Your job is to give again, exactly and with no additions, the lines in the records below from the one with "- Une femme" through the one with "娱乐:流星蝴蝶剑(半领悟)/", both included. Omit the pictures.
* * *
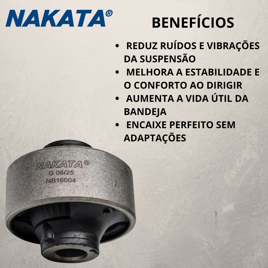 KIT COM 2 BUCHAS DA BANDEJA DIANTEIRA TRASEIRA NB16004, APLICAÇÃO EM NISSAN LIVINA, SENTRA E TIIDA. PEÇAS DO SISTEMA DE SUSPENSÃO RESPONSÁVEIS POR ABSORVER VIBRAÇÕES, REDUZIR RUÍDOS E MANTER O ALINHAMENTO CORRETO DA BANDEJA, GARANTINDO CONFORTO, ESTABILIDADE E SEGURANÇA AO VEÍCULO. PRODUTO BUCHA DA BANDEJA CÓDIGO NB16004 POSIÇÃO DIANTEIRO TIPO BUCHA TRASEIRA DA BANDEJA MARCA NAKATA COMPOSIÇÃO TÉCNICA METAL E BORRACHA DE ALTA RESISTÊNCIA DESENVOLVIDA PARA ABSORÇÃO DE IMPACTOS E VIBRAÇÕES FABRICAÇÃO CONFORME PADRÕES ORIGINAIS ITENS INCLUSOS 02 BUCHAS DA BANDEJA NB16004 BENEFÍCIOS REDUZ RUÍDOS E VIBRAÇÕES DA SUSPENSÃO MELHORA A ESTABILIDADE E O CONFORTO AO DIRIGIR AUMENTA A VIDA ÚTIL DA BANDEJA ENCAIXE PERFEITO SEM ADAPTAÇÕES APLICAÇÃO NISSAN LIVINA 1.6 / 1.8 – 2010 A 2014 – DIANTEIRA – BUCHA TRASEIRA NISSAN SENTRA 2.0 – 2007 A 2020 – DIANTEIRA – BUCHA TRASEIRA NISSAN TIIDA 1.8 – 2008 A 2014 – DIANTEIRA – BUCHA TRASEIRA REFERÊNCIAS CRUZADAS MOBENSANI MB7014 SAMPEL 8329 NISSAN 54570-BB00A NISSAN 54570-ED00A DÚVIDAS FREQUENTES SERVE EM QUAL LADO? APLICAÇÃO NA SUSPENSÃO DIANTEIRA, BUCHA TRASEIRA DA BANDEJA. O KIT ATENDE OS DOIS LADOS? SIM, CONTÉM 2 UNIDADES, ATENDENDO UM LADO DIREITO E UM ESQUERDO. ATENÇÃO ANTES DE FINALIZAR A COMPRA, CONFIRA A APLICAÇÃO DE ACORDO COM O ANO E MODELO DO VEÍCULO. EM CASO DE DÚVIDA, UTILIZE O CAMPO DE PERGUNTAS. CASO OCORRA QUALQUER PROBLEMA, NÃO ABRA RECLAMAÇÃO. ENTRE EM CONTATO COM NOSSA EQUIPE DE ATENDIMENTO PARA UMA SOLUÇÃO RÁPIDA E EFICIENTE. BUCHA BANDEJA NISSAN, KIT BUCHA SUSPENSÃO DIANTEIRA, NB16004, BUCHA TRASEIRA BANDEJA, LIVINA SENTRA TIIDA, METAL BORRACHA NAKATA Garantia do vendedor: 90 dias
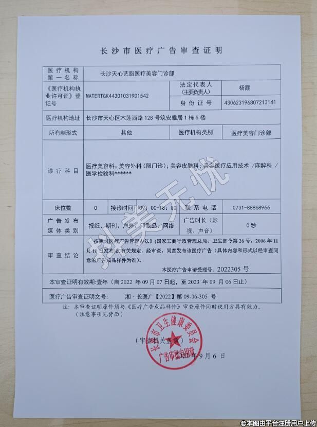 發(fā)證機關(guān):長沙市天心區(qū)衛(wèi)生健康局
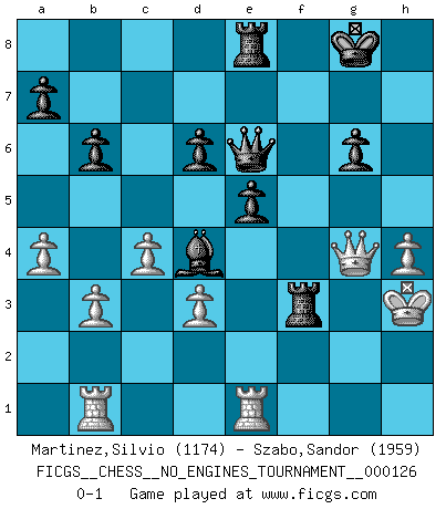 Last move : 0-1 2023 June 5 7:38:29 [Event "FICGS__CHESS__NO_ENGINES_TOURNAMENT__000126"] [Site "FICGS"] [Date "2023.02.19"] [Round "1"] [White "Martinez,Silvio"] [Black "Szabo,Sandor"] [Result "0-1"] [WhiteElo "1174"] [BlackElo "1959"] 1.e4 c5 2.g3 Nc6 3.d3 g6 4.Nf3 Bg7 5.Bg2 d6 6.Nc3 e6 7.O-O Nge7 8.a3 O-O 9.Rb1 b6 10.Bd2 Rb8 11.Re1 Bb7 12.Be3 Nd4 13.Nxd4 cxd4 14.Bxd4 Bxd4 15.Ne2 Bg7 16.Nf4 Qc7 17.c4 Nc6 18.b3 Nd4 19.Ne2 Rbe8 20.Nxd4 Bxd4 21.h4 f5 22.exf5 Rxf5 23.Kh1 Bxg2+ 24.Kxg2 Rxf2+ 25.Kh3 Qf7 26.Qg4 e5 27.a4 h5 28.Qg5 Qe6+ 29.g4 hxg4+ 30.Qxg4 Rf3+ 0-1 Follow this game move after move (download)Chess is life. (Bobby Fischer) Glücklicherweise sind Großmeister Ruben Fines reine Schachbücher weniger phallozentrisch [als seine Schachpsychologie] und deswegen auch weniger lächerlich. (Nigel Short) Una mala movida nulifica cuarenta buenas. (Horowitz) Shah mat. Le roi est mort. Cri de fierté d'un joueur venant de terrasser son adversaire, courtoisement, sans effusion de sang. The worth of a book is to be measured by what you can carry away from it. (James Bryce)
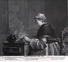 - Une femme occupée à cacheter une lettre[18], gravé par Étienne Fessard (1714-1777) :
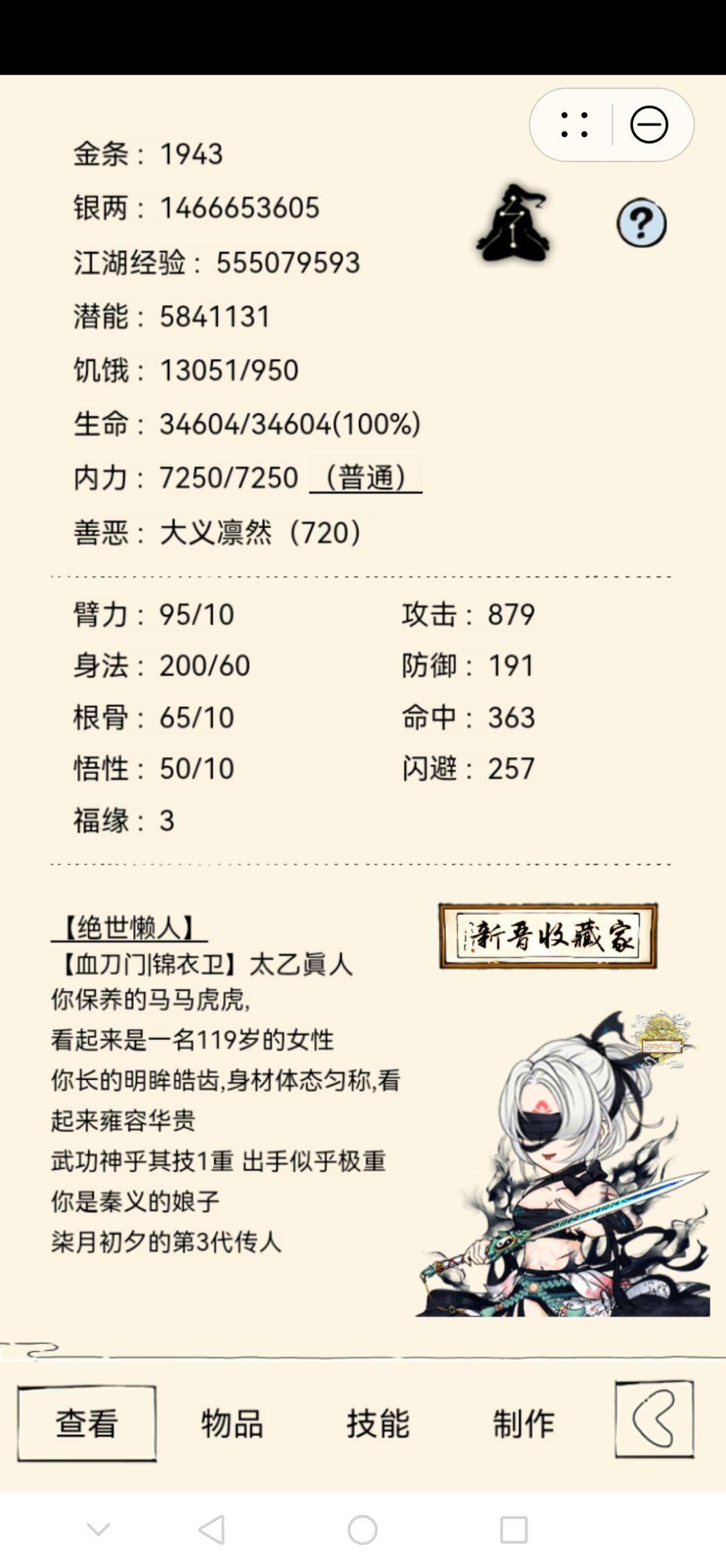 娱乐:流星蝴蝶剑(半领悟)/龙骨鞭法(金丝红绫)/阴阳无极剑(失败的领悟),太白经不够只能三出师。
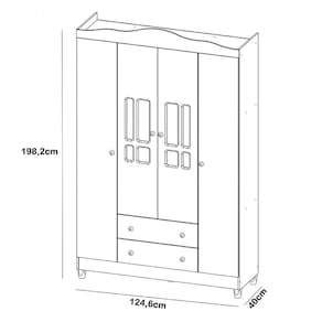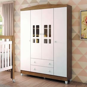 O Guarda-Roupas Infantil 4 Portas Ariel Carolina Baby, traz uma nova proposta, sua simplicidade tem o frescor da novidade. É fabricado com material Mdf/Mdp, tem 3 portas, 2 gavetas externas com travas de segurança, possui portas com apliques de acrílico.
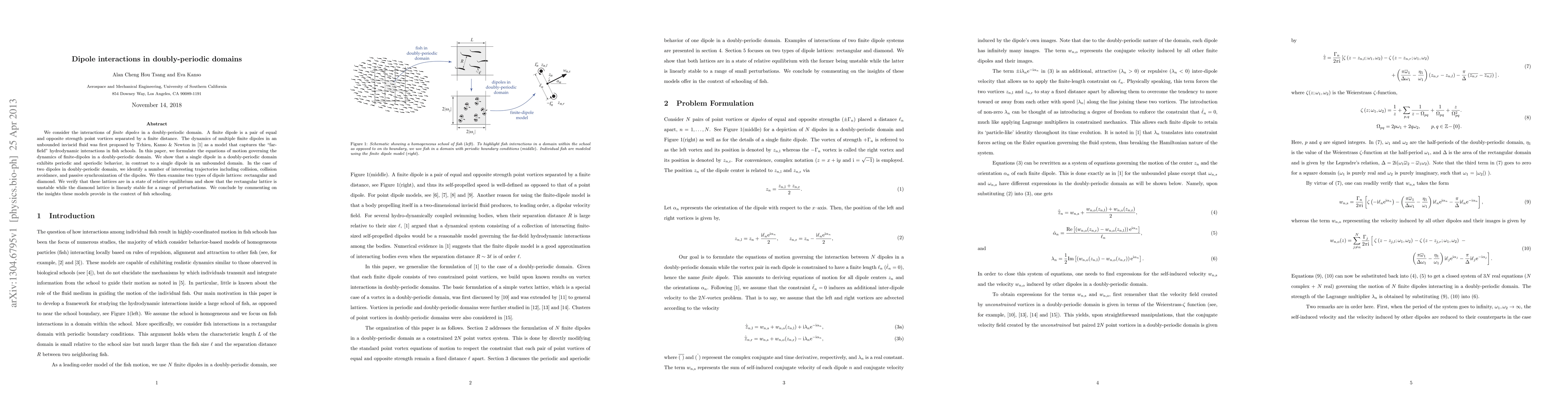 This paper formulates the dynamics of finite dipoles in doubly-periodic domains, revealing periodic and aperiodic behaviors of single dipoles and complex interactions between two dipoles, including collision and synchronization. It also examines the stability of rectangular and diamond dipole lattices, finding the diamond lattice to be stable, providing insights into fish schooling models.
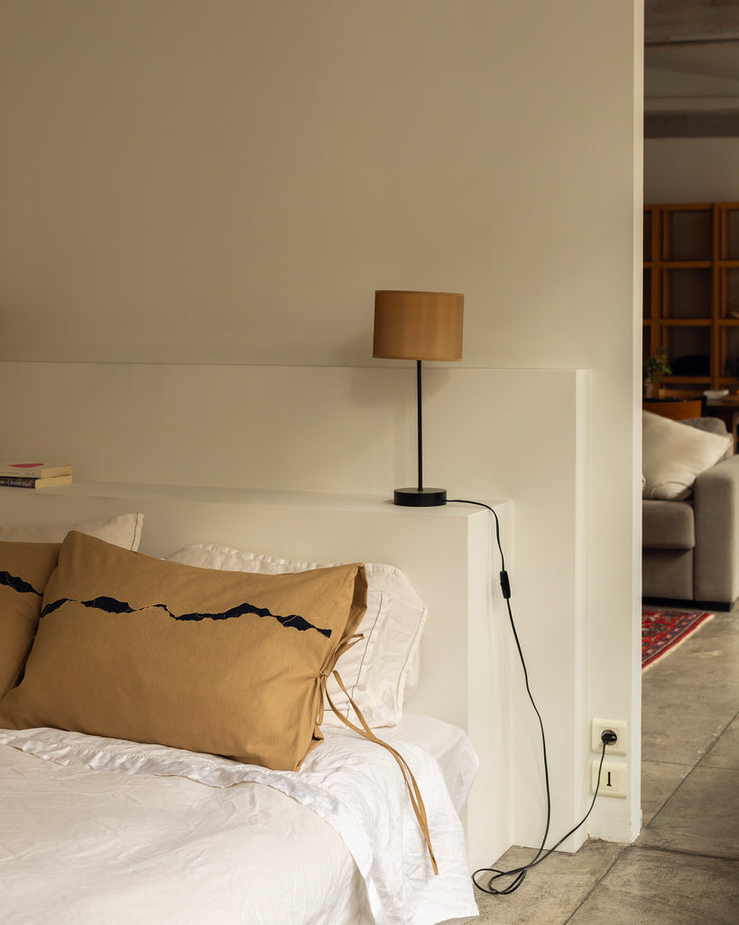 A linen scrap, in the color of dark water, was preserved after cutting from the RIVAGE collection. It was re-cut, appended and topstitched with gold thread.
* * *
_Worked solution:_
 - Une femme occupée à cacheter une lettre[18], gravé par Étienne Fessard (1714-1777) :
 娱乐:流星蝴蝶剑(半领悟)/龙骨鞭法(金丝红绫)/阴阳无极剑(失败的领悟),太白经不够只能三出师。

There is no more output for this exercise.